La cellulosa idrofobica sostenibile è vicina
MILANO\ aise\ - Ottenere carta idrofobica per il packaging e i dispositivi biomedicali sfruttando le proprietà meccaniche e la resistenza all’acqua delle nanofibre di cellulosa, realizzare così un materiale sostenibile e ad alte prestazioni. Questo grazie ad un approccio supramolecolare, cioè miscelando delle brevi sequenze di proteine (sequenze peptidiche) che non alterano chimicamente le nanofibre di cellulosa. La carta idrofobica sostenibile potrà sostituire un giorno i derivati del petrolio.
È stato pubblicato sulla copertina della prestigiosa rivista Journal of Materials Chemistry B lo studio dei ricercatori del Dipartimento di Chimica, Materiali e Ingegneria Chimica “Giulio Natta” del Politecnico di Milano in collaborazione con la Aalto University e il VTT-Technical Research Centre in Finlandia e l’Istituto SCITEC del CNR.
Le nanofibre di cellulosa (CNF) sono fibre naturali derivanti dalla cellulosa, una fonte rinnovabile e biodegradabile, ampiamente apprezzate per la loro resistenza e versatilità.
Nello studio, i ricercatori del SupraBioNanoLab del Dipartimento “Giulio Natta” del Politecnico di Milano hanno dimostrato come sia possibile migliorare significativamente le proprietà delle nanofibre di cellulosa senza alterarle chimicamente, ma introducendo peptidi (piccole proteine).
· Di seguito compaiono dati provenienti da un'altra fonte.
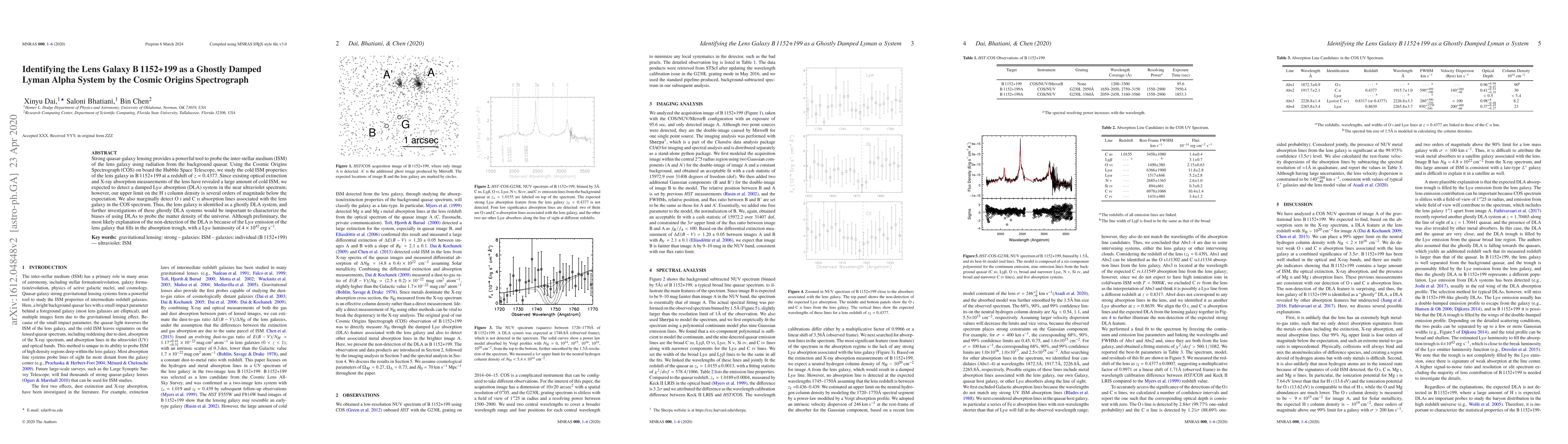 Strong quasar-galaxy lensing provides a powerful tool to probe the inter-stellar medium (ISM) of the lens galaxy using radiation from the background quasar. Using the Cosmic Origins Spectrograph (COS) on board the Hubble Space Telescope, we study the cold ISM properties of the lens galaxy in B1152+199 at a redshift of z=0.4377. Since existing optical extinction and X-ray absorption measurements of the lens have revealed a large amount of cold ISM, we expected to detect a damped Lya absorption (DLA) system in the near ultraviolet spectrum; however, our upper limit on the HI column density is several orders of magnitude below the expectation. We also marginally detect OI and CII absorption lines associated with the lens galaxy in the COS spectrum. Thus, the lens galaxy is identified as a ghostly DLA system, and further investigations of these ghostly DLA systems would be important to characterize the biases of using DLAs to probe the matter density of the universe. Although preliminary, the most likely explanation of the non-detection of the DLA is because of the Lya emission of the lens galaxy that fills in the absorption trough, with a Lya luminosity of 4e42 erg/s.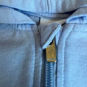 Size 6 months, Nike baby blue hooded coverall. Fully zips up the front. Soft and cozy! No flaws, very very good used condition.
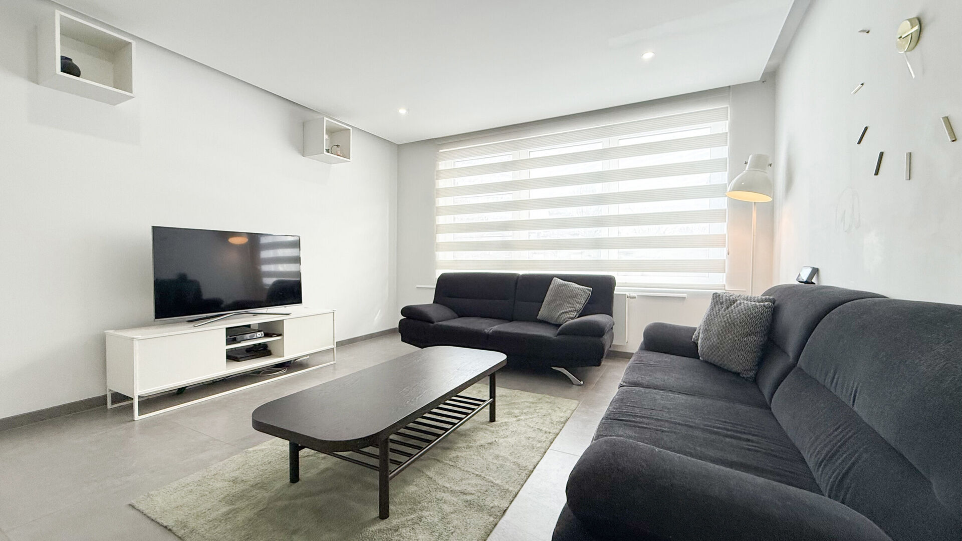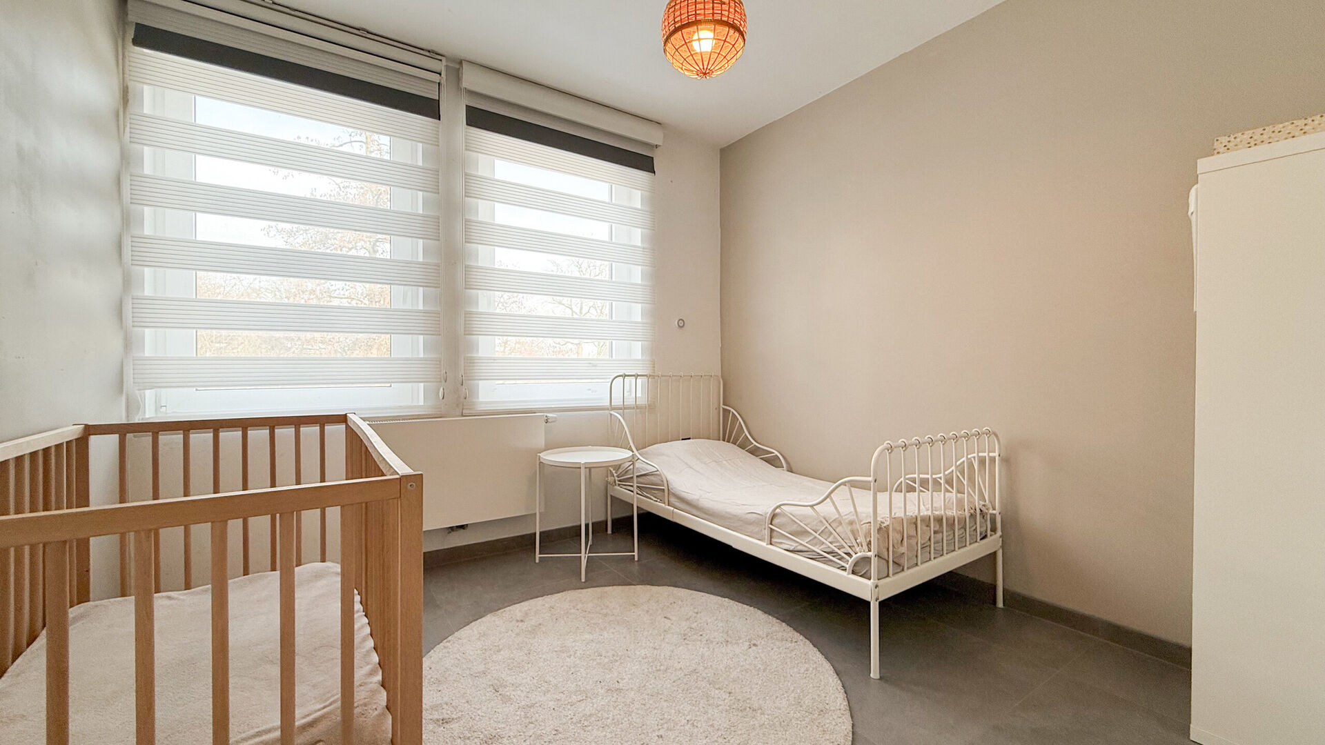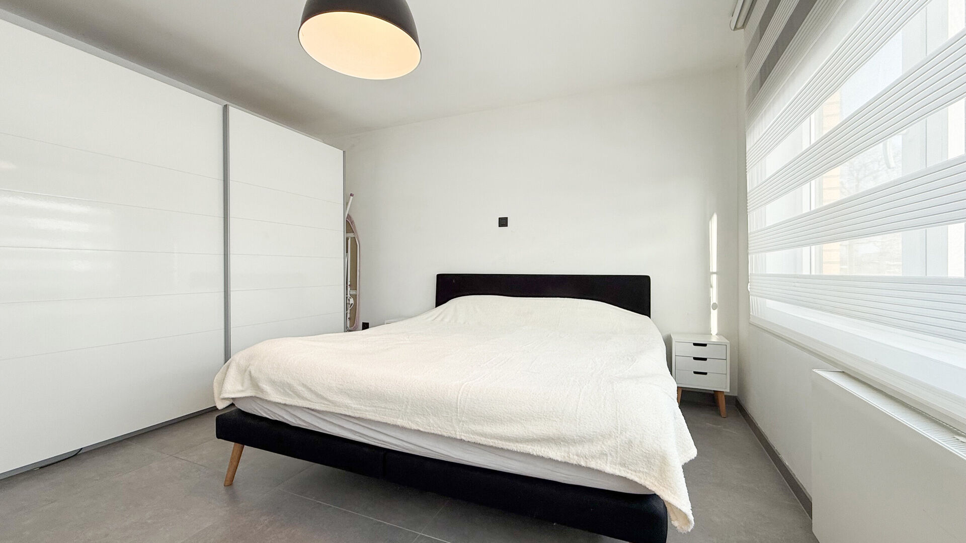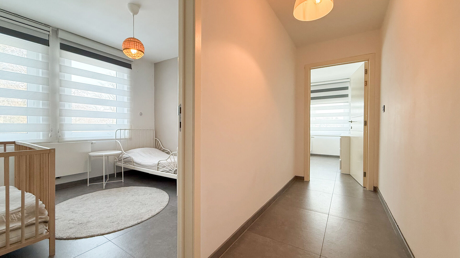 De woning beschikt over twee slaapkamers en een ruime, open keuken die naadloos aansluit op de leefruimte, wat zorgt voor een modern en lichtrijk geheel. Dankzij de grote raampartijen geniet u van een overvloed aan natuurlijk licht doorheen de volledige woning.

“Il nostro approccio supramolecolare si basa sull'integrazione di piccole sequenze peptidiche che si legano alle nanofibre migliorandone così le prestazioni meccaniche e la resistenza all'umidità”, spiega Elisa Marelli, prima autrice dello studio. “I risultati dello studio hanno mostrato che anche quantità minime di peptidi (meno dello 0,1%) possono aumentare notevolmente le proprietà meccaniche dei materiali ibridi ottenuti, dotandoli di una maggiore resistenza allo sforzo”.
I ricercatori hanno quindi valutato l’impatto dell’aggiunta di atomi di fluoro nelle sequenze peptidiche: ciò ha permesso di ottenere un film strutturato con superfici idrofobiche e quindi con ancor maggiore resistenza all’acqua pur rimanendo un nuovo materiale biocompatibile e sostenibile.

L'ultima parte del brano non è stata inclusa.